__Exercise aim__.
Below are some records. Return exactly the lines from the one with "Griglia di ventilazione" to the one with "Женщина держит в руках маленького утенка", and nothing else.

__Data section__.
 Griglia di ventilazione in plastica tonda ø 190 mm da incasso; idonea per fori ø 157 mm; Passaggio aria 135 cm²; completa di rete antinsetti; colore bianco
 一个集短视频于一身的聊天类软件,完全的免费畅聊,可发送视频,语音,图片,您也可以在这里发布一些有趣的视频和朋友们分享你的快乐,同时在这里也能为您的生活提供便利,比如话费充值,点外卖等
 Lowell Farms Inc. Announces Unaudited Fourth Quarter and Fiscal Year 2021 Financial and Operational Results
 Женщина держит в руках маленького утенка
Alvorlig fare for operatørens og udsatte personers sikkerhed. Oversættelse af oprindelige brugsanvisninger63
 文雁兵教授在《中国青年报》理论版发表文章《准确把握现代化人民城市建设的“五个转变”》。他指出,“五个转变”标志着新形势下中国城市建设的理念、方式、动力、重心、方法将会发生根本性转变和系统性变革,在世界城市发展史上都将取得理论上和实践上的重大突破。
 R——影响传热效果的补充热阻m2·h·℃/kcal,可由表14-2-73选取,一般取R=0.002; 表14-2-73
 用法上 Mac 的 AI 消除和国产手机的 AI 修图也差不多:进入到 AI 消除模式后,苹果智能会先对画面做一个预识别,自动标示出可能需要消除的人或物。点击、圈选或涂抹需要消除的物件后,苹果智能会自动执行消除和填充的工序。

* * *

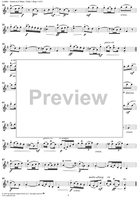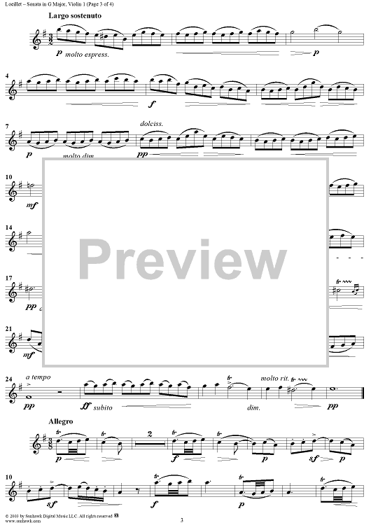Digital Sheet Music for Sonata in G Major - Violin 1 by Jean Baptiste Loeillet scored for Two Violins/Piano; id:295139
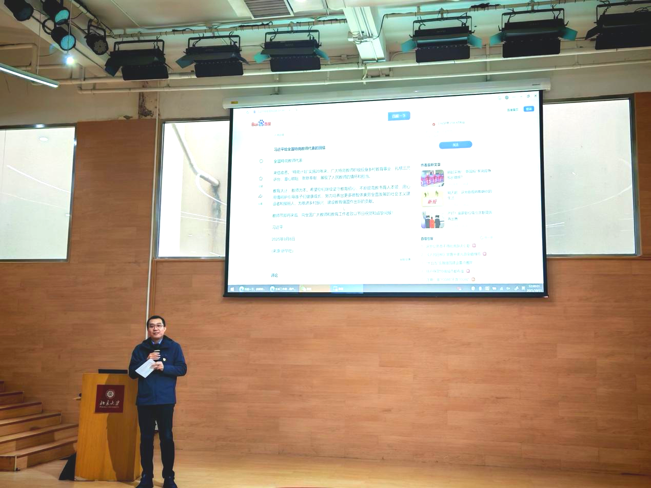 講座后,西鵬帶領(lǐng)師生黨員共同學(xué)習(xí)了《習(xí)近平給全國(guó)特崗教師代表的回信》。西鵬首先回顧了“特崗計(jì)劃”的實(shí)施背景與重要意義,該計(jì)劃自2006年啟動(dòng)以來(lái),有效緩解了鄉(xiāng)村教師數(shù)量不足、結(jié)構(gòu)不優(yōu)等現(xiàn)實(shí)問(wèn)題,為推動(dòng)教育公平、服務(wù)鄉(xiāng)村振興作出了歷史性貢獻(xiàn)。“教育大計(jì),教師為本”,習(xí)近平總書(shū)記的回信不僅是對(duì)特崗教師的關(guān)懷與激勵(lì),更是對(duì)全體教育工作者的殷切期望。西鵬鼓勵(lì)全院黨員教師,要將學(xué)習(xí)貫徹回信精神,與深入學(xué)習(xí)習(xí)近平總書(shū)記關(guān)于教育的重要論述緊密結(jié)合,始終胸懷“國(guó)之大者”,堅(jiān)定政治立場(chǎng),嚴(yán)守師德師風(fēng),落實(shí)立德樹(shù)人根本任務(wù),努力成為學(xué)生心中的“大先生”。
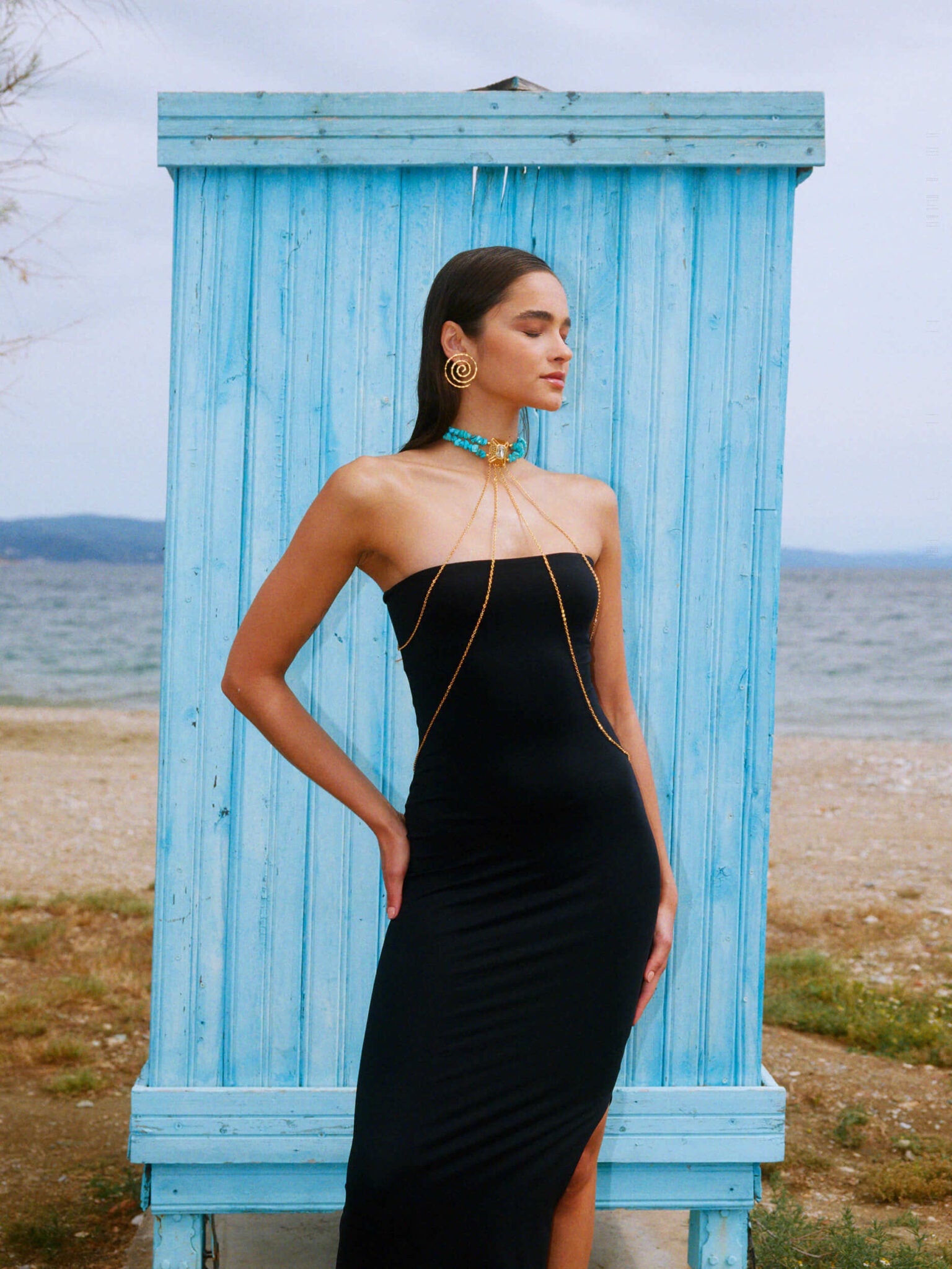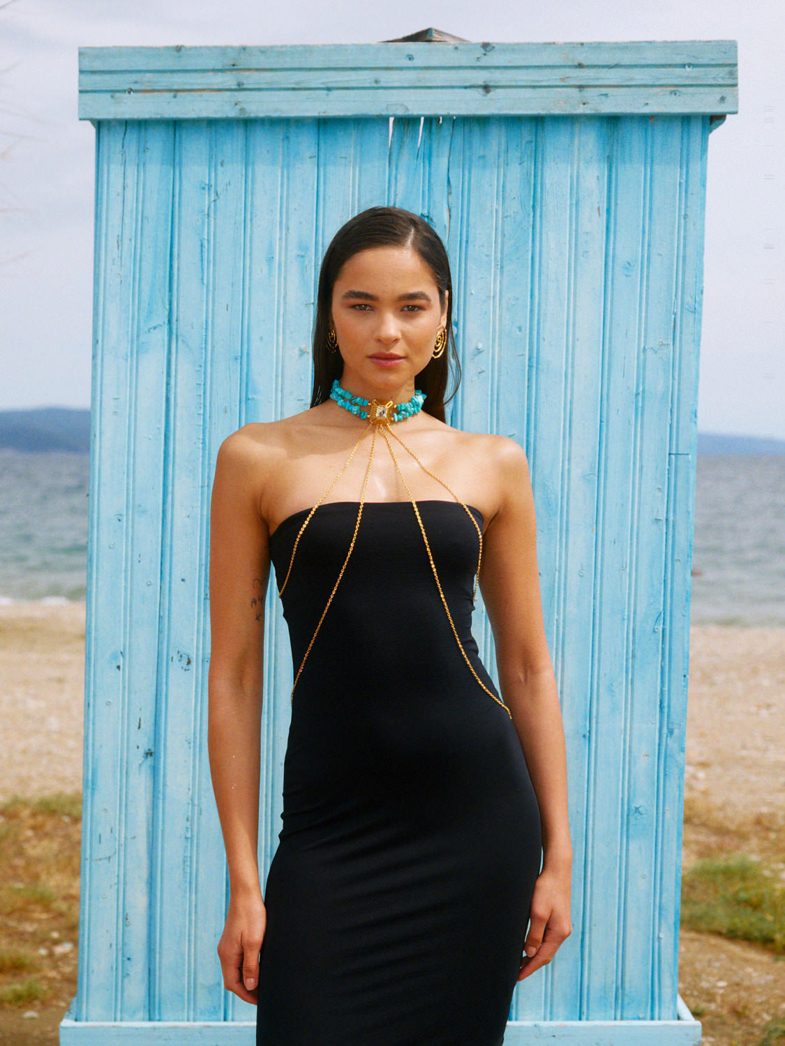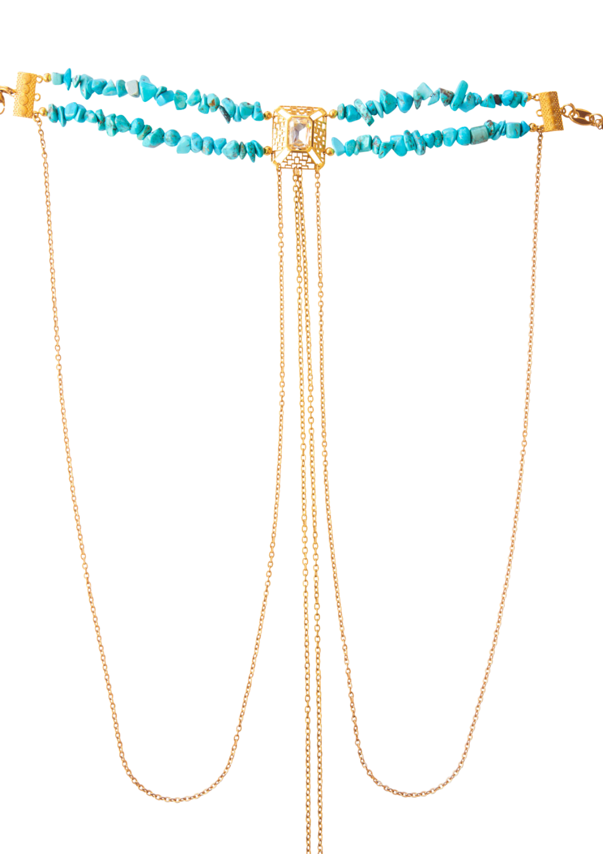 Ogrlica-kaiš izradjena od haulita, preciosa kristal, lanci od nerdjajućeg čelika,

__Problem solution__.
 Griglia di ventilazione in plastica tonda ø 190 mm da incasso; idonea per fori ø 157 mm; Passaggio aria 135 cm²; completa di rete antinsetti; colore bianco
 一个集短视频于一身的聊天类软件,完全的免费畅聊,可发送视频,语音,图片,您也可以在这里发布一些有趣的视频和朋友们分享你的快乐,同时在这里也能为您的生活提供便利,比如话费充值,点外卖等
 Lowell Farms Inc. Announces Unaudited Fourth Quarter and Fiscal Year 2021 Financial and Operational Results
 Женщина держит в руках маленького утенка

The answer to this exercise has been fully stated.